Letters from Chip, Part 1

Muskogee, Oklahoma. February 14, 1941. 7:20 pm.

"Dear Folks,
Just a line to let you know I'm safe and sound and feeling great. The air down here is as clear as a bell, and believe me, we're getting plenty of it in our lungs.
...We had a great trip -- a private pullman coach all the way. We arrived last night at 1 a.m. -- or was that today? We climbed right into bed -- and a good bed, which we make-up ourselves every morning.
...We wear ordinary shoes -- the old pair I brought along and our wool socks. We have been given coveralls, a heavy sweater, and a leather sheepskin-lined jacket and cap. Our uniforms will be here in about a week. We were measured for them today.
...The food, believe it or not, is swell. Not near as good as mom's of course, but better than anything you could find in a restaurant. We are served cafeteria style and can have as many helpings per meal as we wish. I had a pint of milk for every meal and am going to stick to it.
There are about 150 men in our class and about 90 upperclassmen. Lower classmen are known as dodo birds. They estimate that 45% of our class, about 60 men, will 'wash out' during the first five weeks.
Must close now, as we have a meeting coming up in five minutes. Will write more, soon.

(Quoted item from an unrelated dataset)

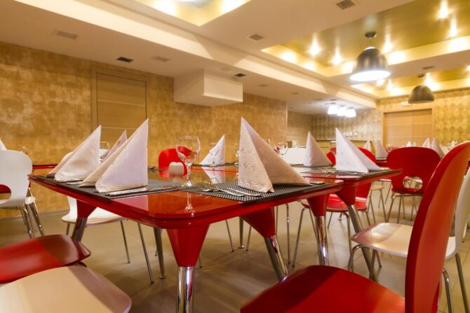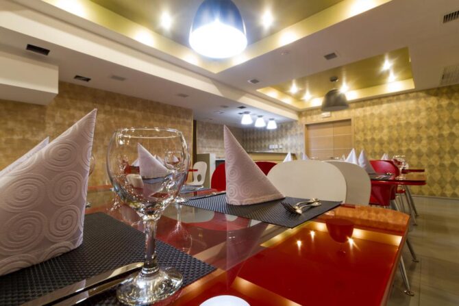 Высокое качество обслуживания в ресторанах отеля сочетаются с доступными ценами и европейским сервисом обслуживания. Насладиться едой можно в элегантных помещениях, либо на свежем воздухе — в открытых террасах. Здесь же можно и заказать банкет.

P.S. All flying cadets must write a letter home at least once a week or be forced to do 'gig.' (That's walking steady for one hour.)"

February 18, 1941.

"Dear Folks,
Am terribly sorry I didn't get a chance to write another letter sooner, but we've been 'on the hop' every minute here, and it just hasn't been possible. I'm working on the cadet publication here -- 'The Gosport"
[Note from Audra: forgive me if this title is incorrect; the writing is unclear] and am also writing 'propaganda' articles for various newspapers -- the last duty by order of the commanding officer.
...At the last writing, there were some 240 men here. There are about 205 now. Every day, three or five men 'wash out,' not because of scholastic requirements, but because they just can't fly good enough. There are 60 men left in the upper class out of 137. And another 25 or 30 of these will 'wash out' within the next month before they get a chance to go to Randolph.
This is the heart of the dust bowl down here, and the land is dead dry and flat as a table top. When the wind blows, it lifts a fine cloud of dust about a mile in the air and it looks like a heavy fog for the rest of the day.
...In three days we've learned to snap to attention, salute, and execute every marching movement in the books. It's a great life, and tough. Believe me, they make you toe the mark. I wish you could see the way I can make up a bed and put a locker in order. I can't believe it myself.
...Must close now to get to my studies. Will write again the first chance I get. Don't worry about me -- I'm doing great.